* [Data]:
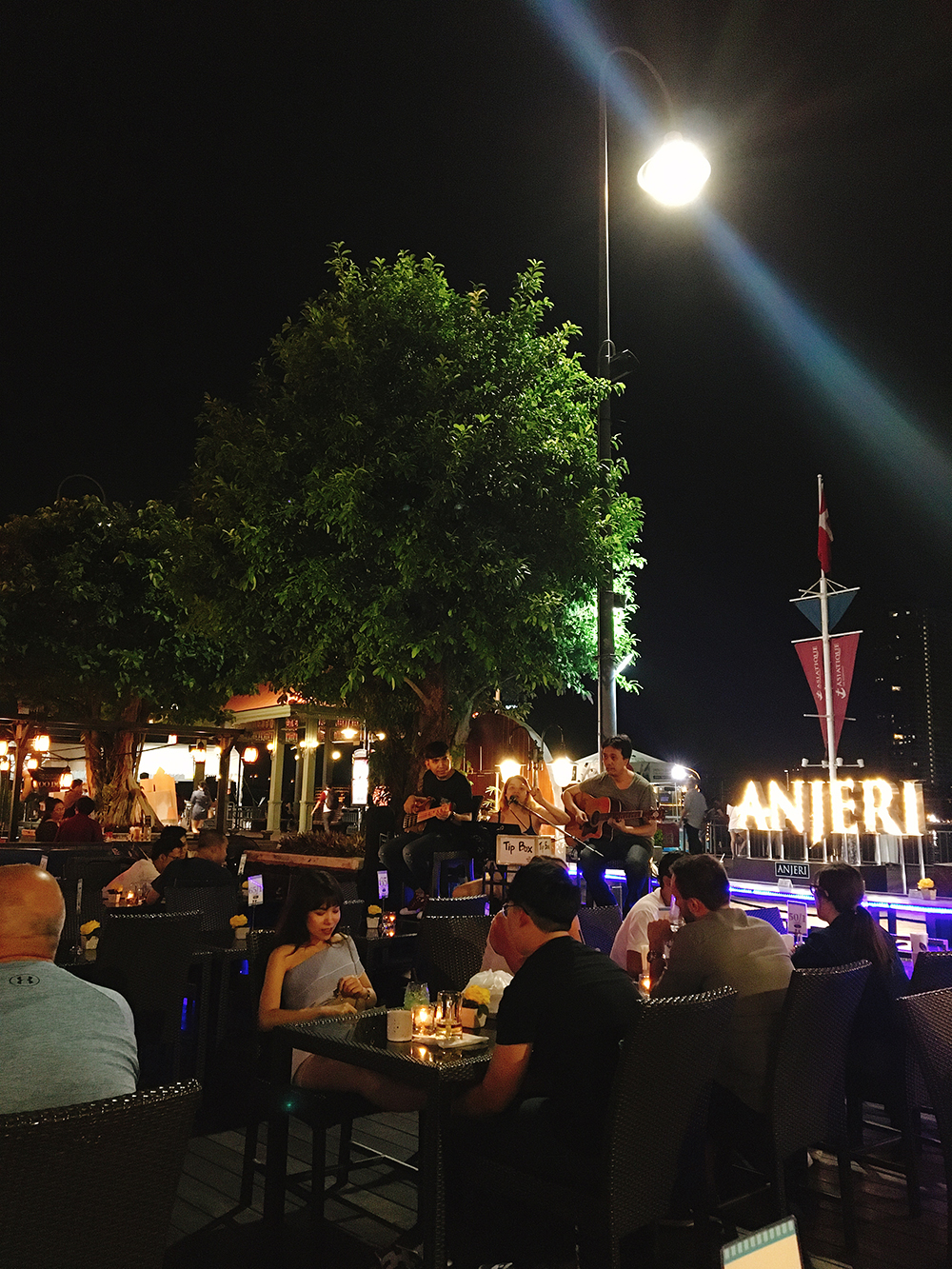 망고 탕고를 먹고 다시 강가 근처를 돌아다니면서 분위기를 즐겼습니다. 아직 호텔로 돌아가기 아쉬워 서성이다가 너무 좋은 노래가 흘러나오는 라이브 공연중인 Capri 술집을 들어가게 됐어요. 바로 앞이 강가라 강가를 바라보면서 허스키했던 가수분의 목소리를 들으며 여행의 마지막 날 밤을 즐겼습니다.
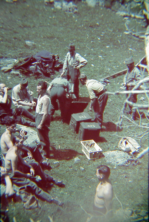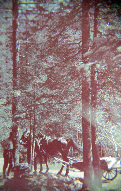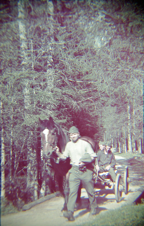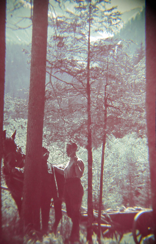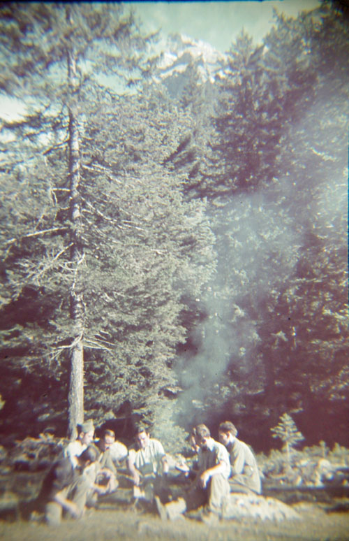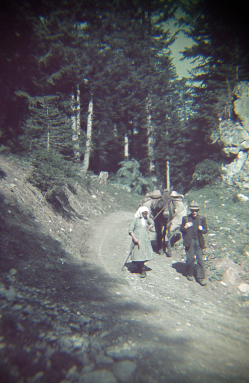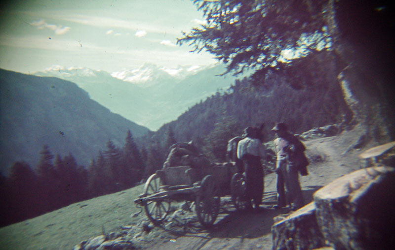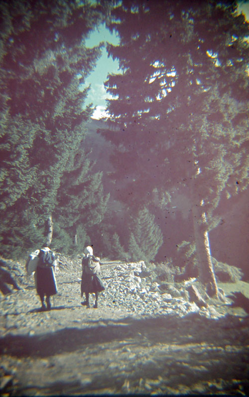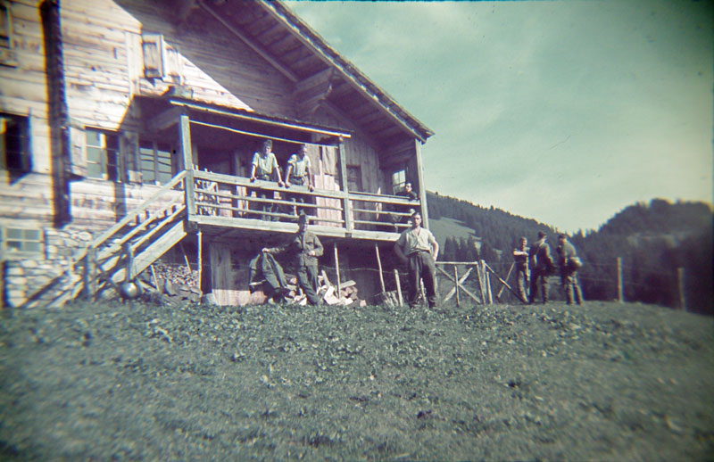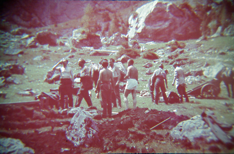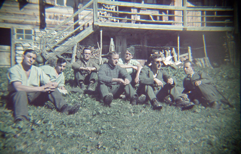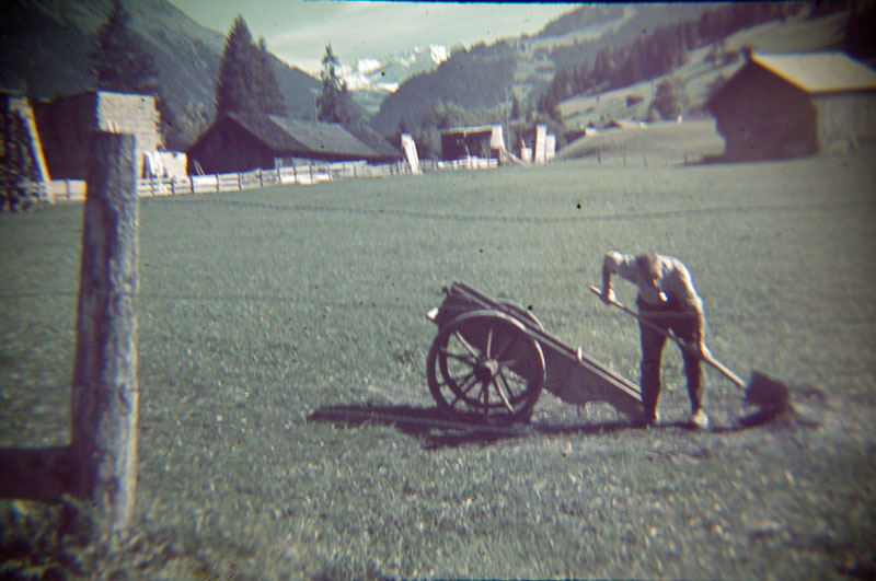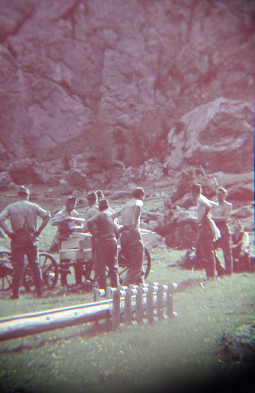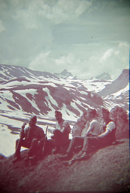 Militaires suissesJe pense qu'il s'agit du même photographe que pour les portraits en studio. Les photos ont manifestement été prises pendant une période militaire. Peut-être un "cours de répétition" normal pour les citoyens suisses mais vu la date probable des prises de vues, ça pourrait aussi être "la Mob" entre 39 et 45. Comme pour l'autre boite de diapositives, la numérisation a été faite à l'aide de la vieille visionneuse Scoparette de mon papa montée "artisanalement" en face de mon reflex numérique. Soyons francs : heureusement qu'il n'y a pas trop de photos d'architecture car ça déforme pas mal. Je pense à une visite des épouses. C'est un peu ce qui me fait penser à la mob. Sur un cours de répétition de trois semaines je ne pense pas que ça se produise (en même temps, j'ai fait mon service militaire en France. Un an pour tirer 10 cartouches à la MAT 45, le pacte de Varsovie pouvait débarquer tranquille :-)
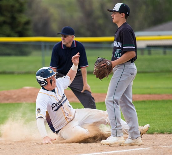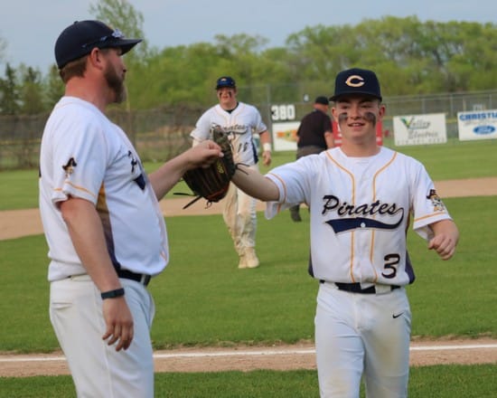 Crookston got off to a good start with a couple of runs in the first inning to grab an early lead. Gunner Gunderson singled to lead off the inning, and after an out, Brooks Butt doubled to bring in Gunderson. Cade DeLeon singled with two outs, and an error on the play scored Butt, and the Pirates had a 2-0 lead. “You could tell from the body language before the game that they were ready to go. Everything before the game was crisp,” said Pirates Head Coach Mitch Bakken. “It was Senior Night and playing East Grand Forks, so we were hoping it would be that way.”

* [Work request]:
Output the complete listing exactly as it appears, except for the images.

* [Solution for this problem]:
 망고 탕고를 먹고 다시 강가 근처를 돌아다니면서 분위기를 즐겼습니다. 아직 호텔로 돌아가기 아쉬워 서성이다가 너무 좋은 노래가 흘러나오는 라이브 공연중인 Capri 술집을 들어가게 됐어요. 바로 앞이 강가라 강가를 바라보면서 허스키했던 가수분의 목소리를 들으며 여행의 마지막 날 밤을 즐겼습니다.
 Militaires suissesJe pense qu'il s'agit du même photographe que pour les portraits en studio. Les photos ont manifestement été prises pendant une période militaire. Peut-être un "cours de répétition" normal pour les citoyens suisses mais vu la date probable des prises de vues, ça pourrait aussi être "la Mob" entre 39 et 45. Comme pour l'autre boite de diapositives, la numérisation a été faite à l'aide de la vieille visionneuse Scoparette de mon papa montée "artisanalement" en face de mon reflex numérique. Soyons francs : heureusement qu'il n'y a pas trop de photos d'architecture car ça déforme pas mal. Je pense à une visite des épouses. C'est un peu ce qui me fait penser à la mob. Sur un cours de répétition de trois semaines je ne pense pas que ça se produise (en même temps, j'ai fait mon service militaire en France. Un an pour tirer 10 cartouches à la MAT 45, le pacte de Varsovie pouvait débarquer tranquille :-)
 Crookston got off to a good start with a couple of runs in the first inning to grab an early lead. Gunner Gunderson singled to lead off the inning, and after an out, Brooks Butt doubled to bring in Gunderson. Cade DeLeon singled with two outs, and an error on the play scored Butt, and the Pirates had a 2-0 lead. “You could tell from the body language before the game that they were ready to go. Everything before the game was crisp,” said Pirates Head Coach Mitch Bakken. “It was Senior Night and playing East Grand Forks, so we were hoping it would be that way.”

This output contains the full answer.